By Agencies & Staff Reporter
HARARE: The government has, with immediate effect, removed a ban on imports of basic commodities as Zimbabweans battle acute shortages which the administration blames on panic buying.
A full cabinet resolution taken Tuesday is that Statutory Instrument 122 of 2017- Control of Goods (Open General Import Licence) will be temporarily repealed until the situation normalises.
“Cabinet notes with concern that the basic commodities continued to be in short supply despite increased production by suppliers‚ thereby reflecting persistent panic and speculative buying‚” reads the resolution.
Information minister Monica Mutsvangwa confirmed the development at a press conference in the capital Tuesday.
“The Minister of Industry and Commerce temporarily amend Statutory Instrument 122 of 2017 to allow both companies and individuals with offshore funds and free funds to import specified basic commodities currently in short supply,” she said.
“This is going to be done pending to return to normalcy in buying patterns of the public and adequate restocking and manufactures.”
Finance minister Mthuli Ncube suspension of the ban would help improve the availability of basic commodities.

Finance minister Prof Mthuli Ncube
He explained; “All we are doing is increasing supply of commodities and allowing those with offshore funds and free funds to buy whatever they want to buy and bring it in. What’s wrong with that”
“It’s not the first time we are doing it; we did in 2009 when we were coming from a hyper-inflation era and we learnt some lessons, but it is also basic economics.”
Responding to questions, he added; “We don’t have to know at what rate you get your money or dollar; it’s not our business.
“What is our business is to make sure that you have food on the table and (whether) you bought it from South Africa we will not stop you from bringing it in (even if it’s) at a lower price than you would have gotten it here.”
The ban was introduced in 2016 to help local manufacturing recover after more than a decade of contraction.
Products such as cement‚ bottled water‚ animal oils‚ body creams‚ cheese‚ cereals‚ ice cream‚ wheat flour and cooking oil‚ to mention a few‚ can now be brought into the country by individuals.

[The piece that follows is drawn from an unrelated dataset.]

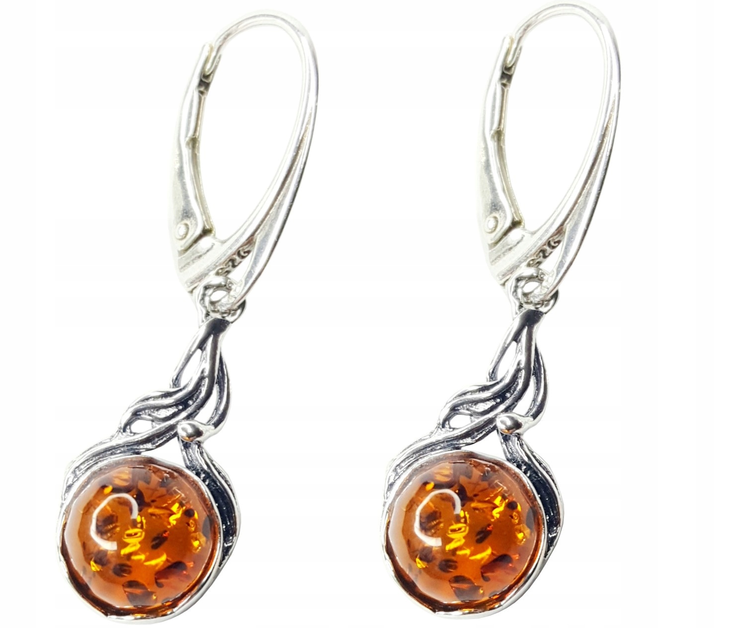 Prawdziwy BURSZTYN (kolor brązowy-koniak) SREBRO 925

However‚ government’s biggest challenge‚ fuel‚ is not on the list. Only five companies have the right to import fuel in Zimbabwe.
In recent weeks there has been a shortage of particularly cooking oil which normally retails for $3.35 (bond notes) for two litres but has been surfacing on the black market for $15 (bond notes) or an equivalent of US$4 in either South African rand or Botswana pula.
Most products on the grocery list were found in supermarkets such as Pick n Pay‚ which commands a majority share of the grocery retail industry. As such‚ allowing people to import privately‚ government said‚ means that price hikes will not be justifiable.
But local manufactures feel the move will affect them negatively since the instrument was put in place to protect local industries.
“It will create more pressure on the parallel markets and ‘street rates’ will hit 10 on the back of increased demand to satisfy new import lines‚” Busisa Moyo from United Refineries‚ a cooking oil manufacturing company‚ said.
The ruling Zanu PF party’s youth league claims the shortages that triggered the government’s decision were caused by “economic saboteurs and forex hoarders”.